The Power of Attention and Small Acts of Care
Finding Inspiration and Guidance in the Work of Alys Longley
Greetings Livable Futures community!
I am so glad to know you are all out there doing the beautiful work that you are doing. It gives me strength and I am sending you all love in these very challenging times.
My response at the moment has been to turn inward a bit and reflect, to get out of the often harmful and bullying social media frenzy, to listen to and read from voices who are writing with nuance, depth, context, and historical awareness as well as attunement to present suffering. And I am finding myself returning to prayer practices lately and seeking new meditations.
Rethinking Prayers as Acts of Attention
I know that prayer is not a word that all readers of this newsletter will relate to and I'm not sure I always do. But I offer it today as an inclusive term held in an interfaith and more-than-religious manner. I think prayer belongs to all of us, human and nonhuman, religious and atheist, trained and untrained.
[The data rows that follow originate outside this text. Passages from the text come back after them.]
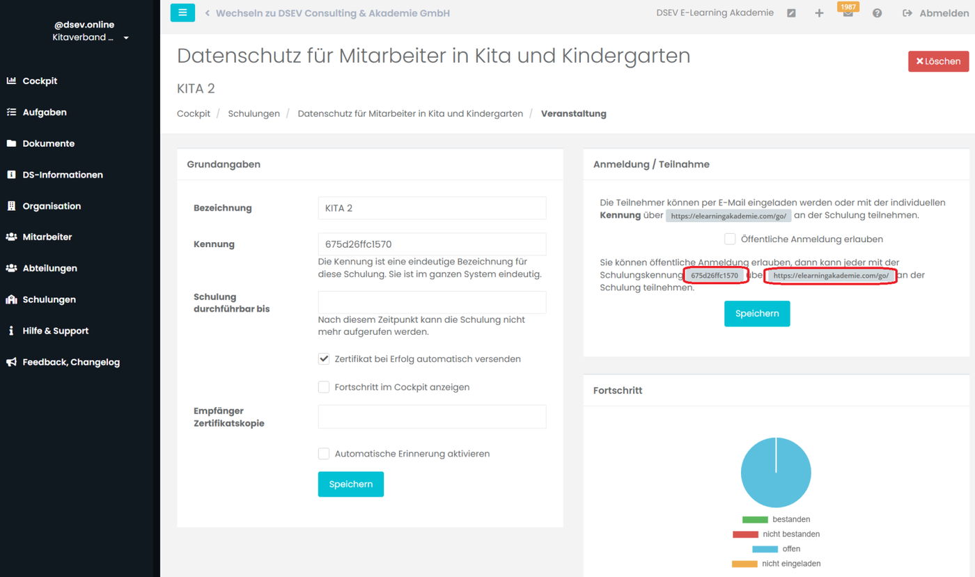 Fortschritt der Schulung Alternative: Öffentliche Einladung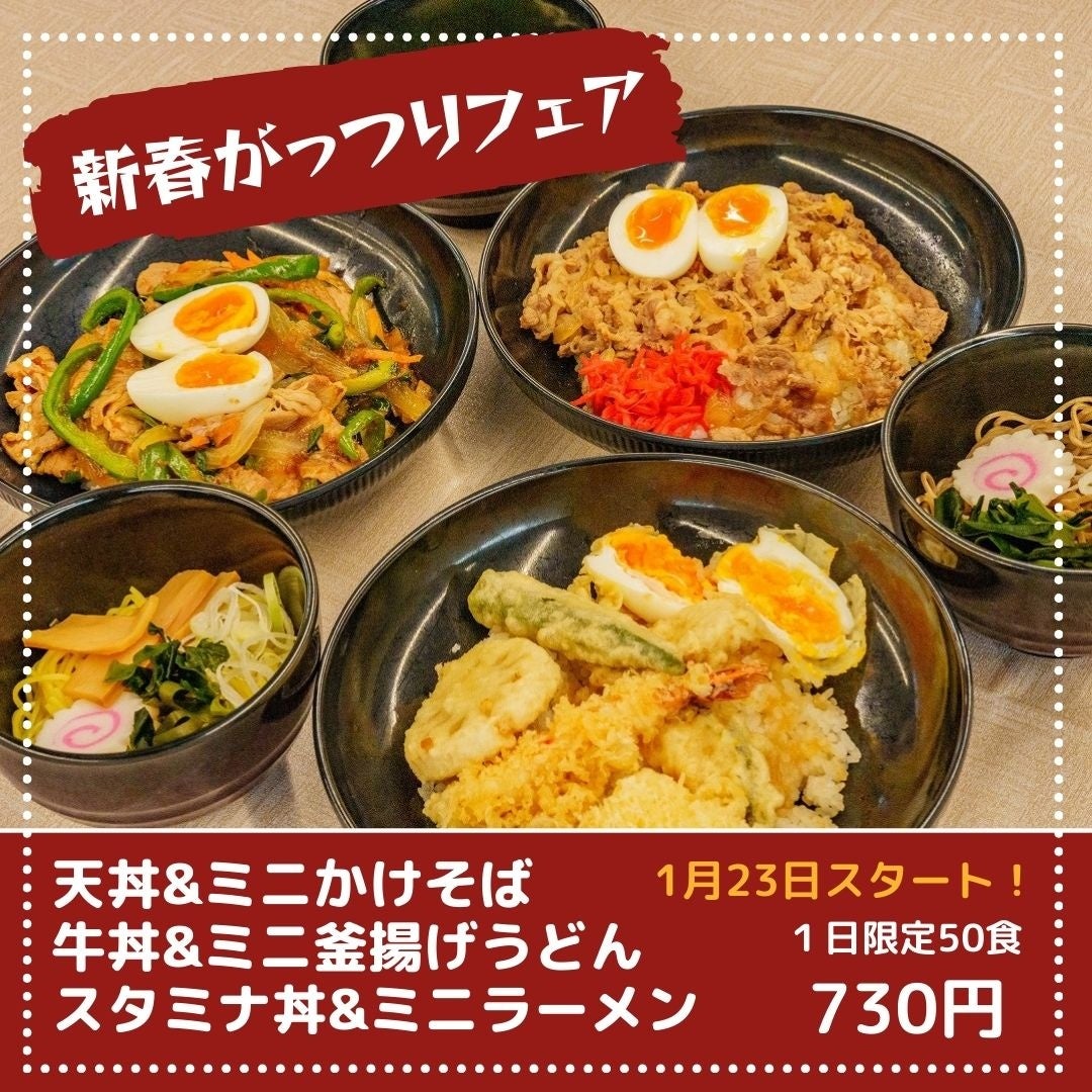 東日印刷〈TONICHI〉 地域開放食堂で「新春がっつりフェア 3種の丼ぶり&麺セット」開催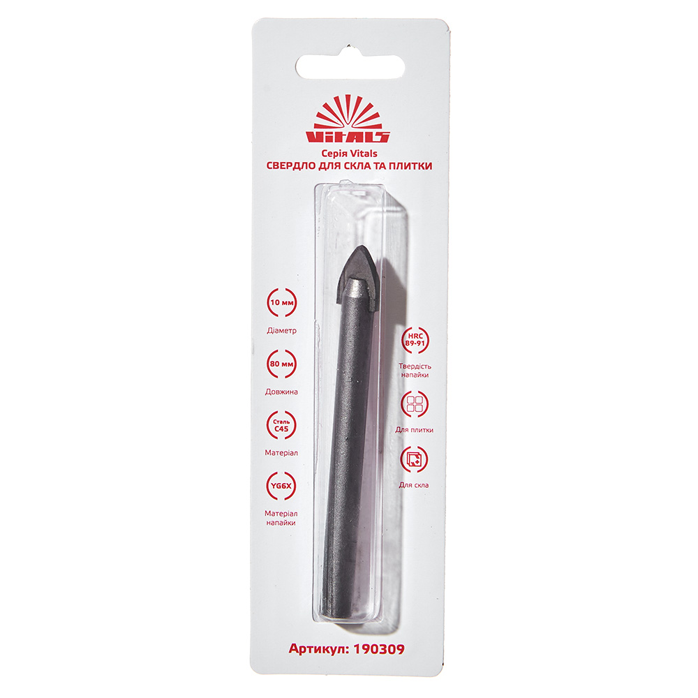 Свердло пікоподібне по склу та плитці 10 мм Vitals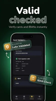 The app also includes a Standalone Card Validator & IBAN Checker, which allows you to validate card numbers using the Luhn checksum without NFC. You can also use the BIN lookup feature to identify the issuing bank, card type, and network from any card number. Additionally, the IBAN validator checks international bank account numbers for correct format and structure, giving you peace of mind before making any entries or sharing card numbers.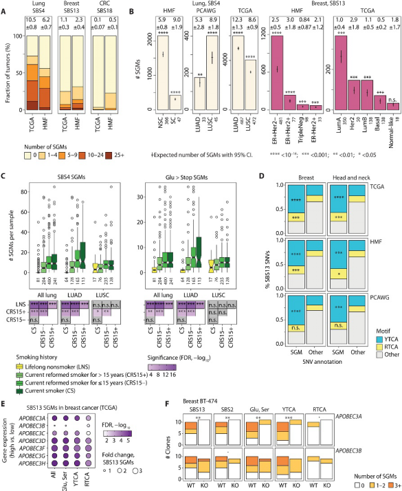 接下来研究了SGM特征在癌症亚型水平上的活性。在TCGA数据库的原发性肺腺癌(LUAD)和鳞状细胞癌(LUSC)以及HMF数据集中的转移性非小细胞癌和小细胞癌中检测到吸烟特征SGM的积累。APOBEC与乳腺癌SGM的关联也在主要的组织学和分子癌症亚型中得到证实,并且在原发性乳腺癌和源自乳房的转移性癌症中也被检测到。此外,产生SGM的突变过程在肺癌和乳腺癌亚型癌症中都很活跃。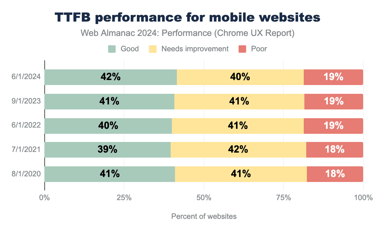 Over the past five years, the percentage of mobile web pages with good TTFB has remained stable, from 41% in 2021 to 42% in 2024. The percentage of pages that need TTFB improvements has decreased by 1%, and unfortunately, the percentage of pages with poor TTFB remains the same. Since this metric has not changed significantly, we can conclude that there have been no major improvements in connection speed or backend latency.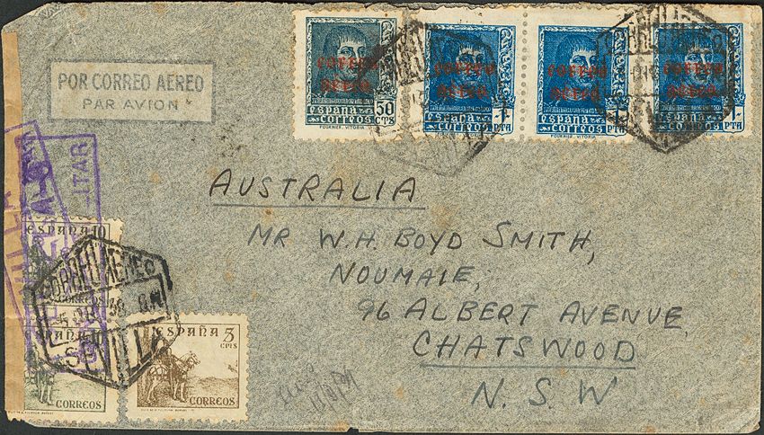 816,817(2),845,846(3). 1938. 5 cts, 10 cts, pair, 50 cts and 1 pts, pair and one stamp. SEVILLE to CHATSWOOD (AUSTRALIA). Postmark AIR MAIL / SEVILLE. MAGNIFICENT.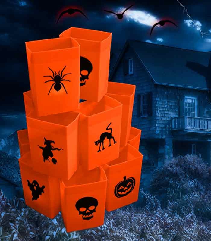 Our Set of 12 Orange Halloween Luminaries come already decorated, with 6 unique designs (used twice per set). Designs include: Ghost, Cat, Witch, Pumpkin, Spider and Skull. See all 6 designs by browsing the photos above.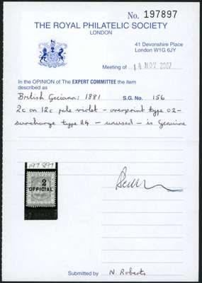 1881 '2' on 12c pale violet 'OFFICIAL', type 24 surcharge (curved foot to '2'), large part og, fine, RPS cert (2007), SG 156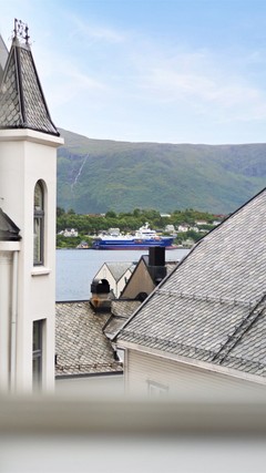 Vindusflaten mot syd som gir godt med lysinnslipp og en sjarmerende sentrumsutsikt over skifertak og glimt mot Aspevågen og Sulafjellet.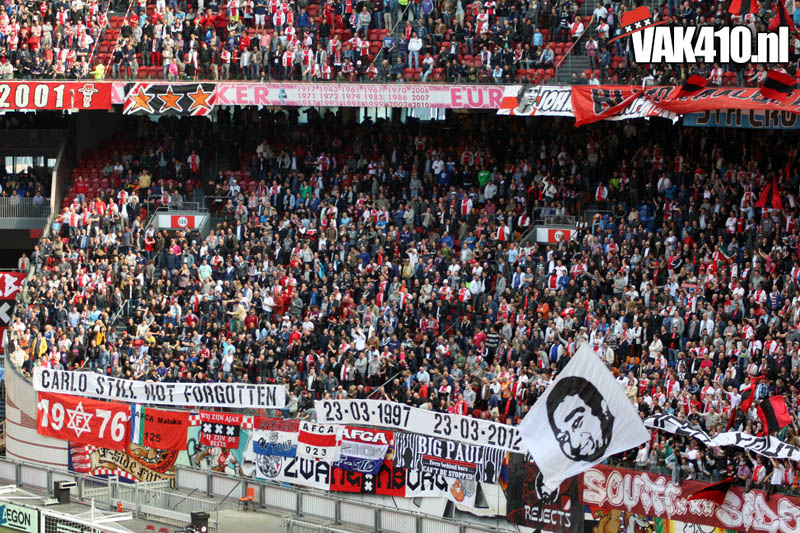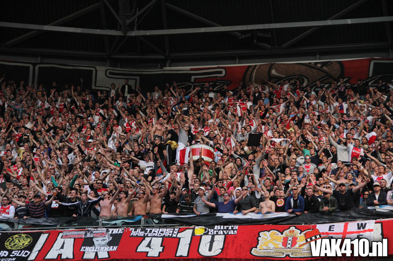 De magie van het doek werd overgebracht naar het veld en de Amsterdamse Zuid tribune. De Mokumse leeuw kwam in een ieder naar boven. De tribunes klokte, het stadion was 1. Er kon op de tribune en het veld dan ook niet meer verloren worden.

It is for me, at this time, a yearning of the heart and a desire to sit quietly and sense the larger motions of the world and time, and ask for peace.
I am using the Livable Futures grounding practices daily and you can too:
Arriving into presence of what is…
Facing the magnitudes…
Sensing what wants to be known…
Listening to those who are more often unheard…
Feeling and softening into intention…

Yesterday, I found myself re-listening to my conversation with Alys Longley on the podcast and her offerings around staying in touch, paying attention, and small acts of kindness.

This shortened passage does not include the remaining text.